[Stored items from a collection]

........

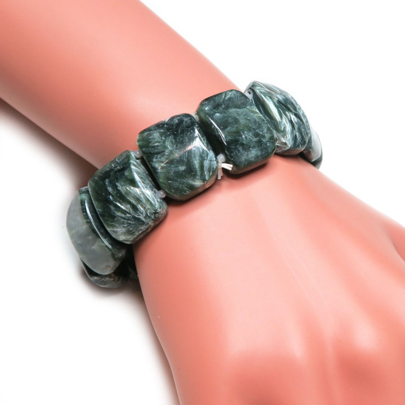Браслет из серафинита (клинохлор) на резинке. Размер грани 2.3*1.5 см. Камень без огранки, вес браслета 59.3 гр.
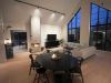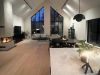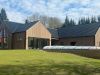 Stora välkomnande sociala ytor med dubbel takhöjd och en vinkel i en och en halvt plan med sovrum och mer privata sällskapsrum. Mot uteplatsen finns generösa skjutglaspartier och de stora spetsiga glasytorna vänder sig mot utsikten ner mot ån.
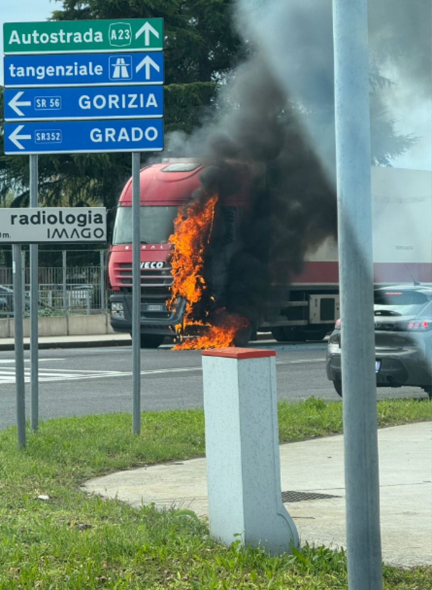Fiamme e fumo in strada a Udine: camion va a fuoco | FOTO
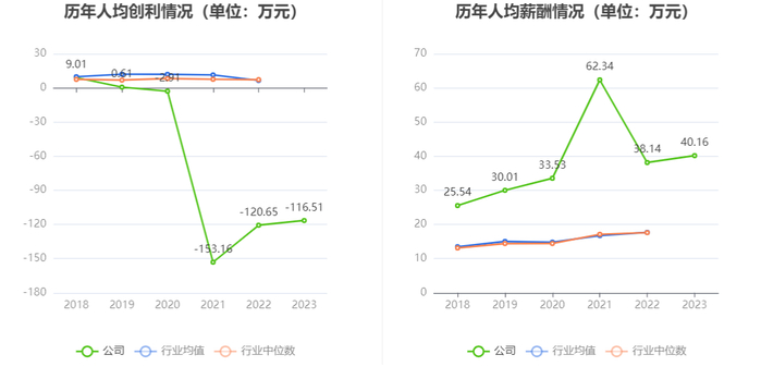 截至2023年末,公司员工总数为665人,人均创收211.82万元,人均创利-116.51万元,人均薪酬40.16万元,较上年同期分别变化-5.75%、3.43%、5.29%。
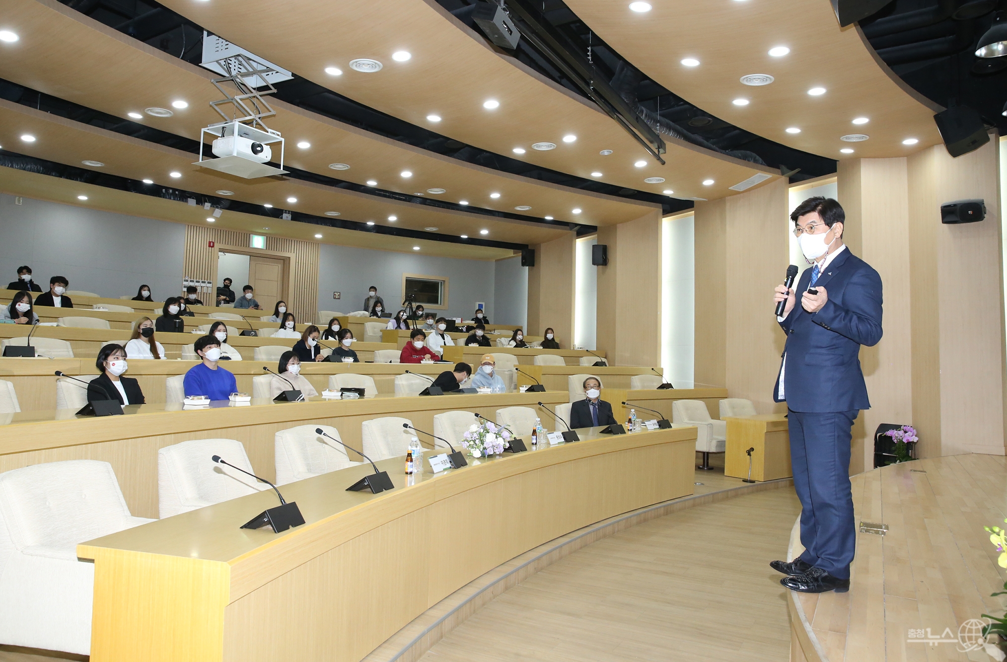 교양교육혁신본부은 코로나19 확산 방지를 위해 사회적 거리두기 1단계 지침에 따라 줌(Zoom)을 통해 온라인으로도 함께 진행하는 등 축하 연주, 초청 명사 소개, 특강, 질의 응답 시간의 순서로 진행됐다.
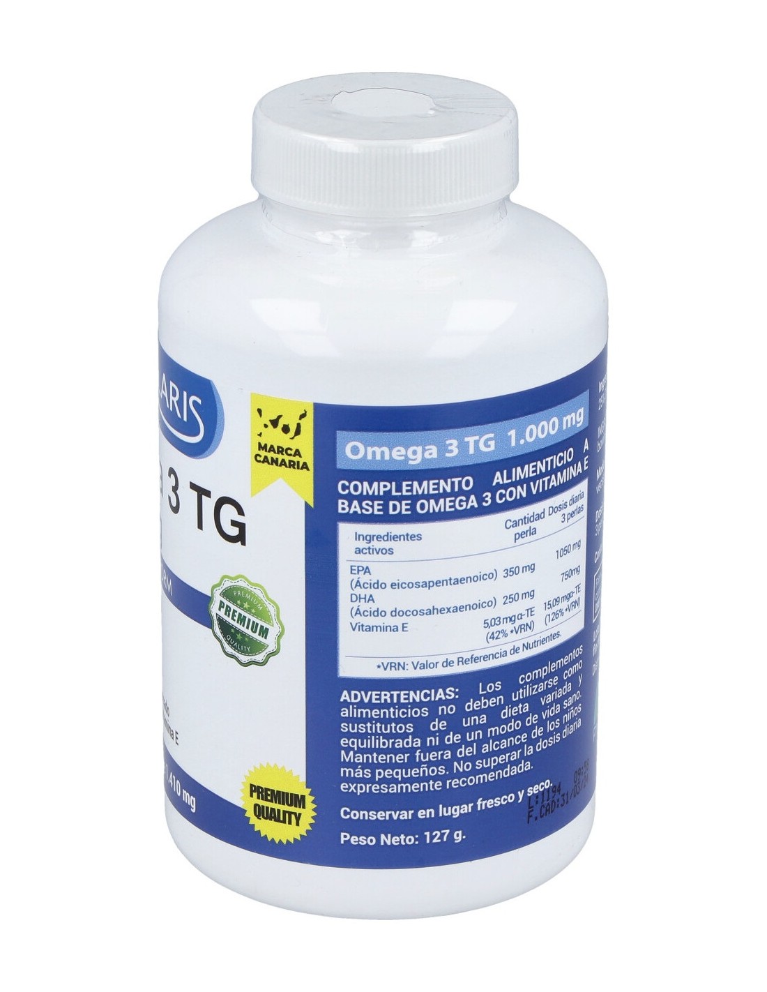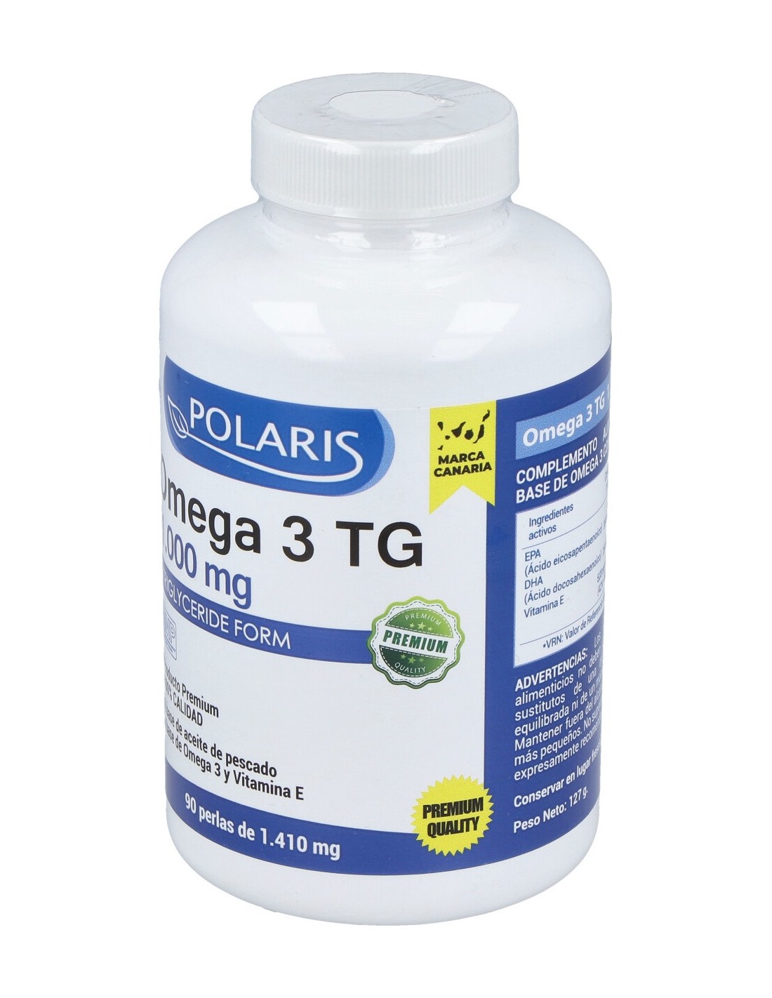 Aceite de pescado 18EPA/12DHA, agente de recubrimiento (gelatina y glicerina). Indicaciones: Complemento alimenticio a base de aceite de pescado rico en ácidos grasos poliinsaturados.

........

## EXERCISE REQUIREMENTS:
Go back to the entries above and restate word for word every line from the first through the one that contains "Stora välkomnande sociala", leaving the pictures behind.

## SOLUTION TO THE PROBLEM:
Браслет из серафинита (клинохлор) на резинке. Размер грани 2.3*1.5 см. Камень без огранки, вес браслета 59.3 гр.
 Stora välkomnande sociala ytor med dubbel takhöjd och en vinkel i en och en halvt plan med sovrum och mer privata sällskapsrum. Mot uteplatsen finns generösa skjutglaspartier och de stora spetsiga glasytorna vänder sig mot utsikten ner mot ån.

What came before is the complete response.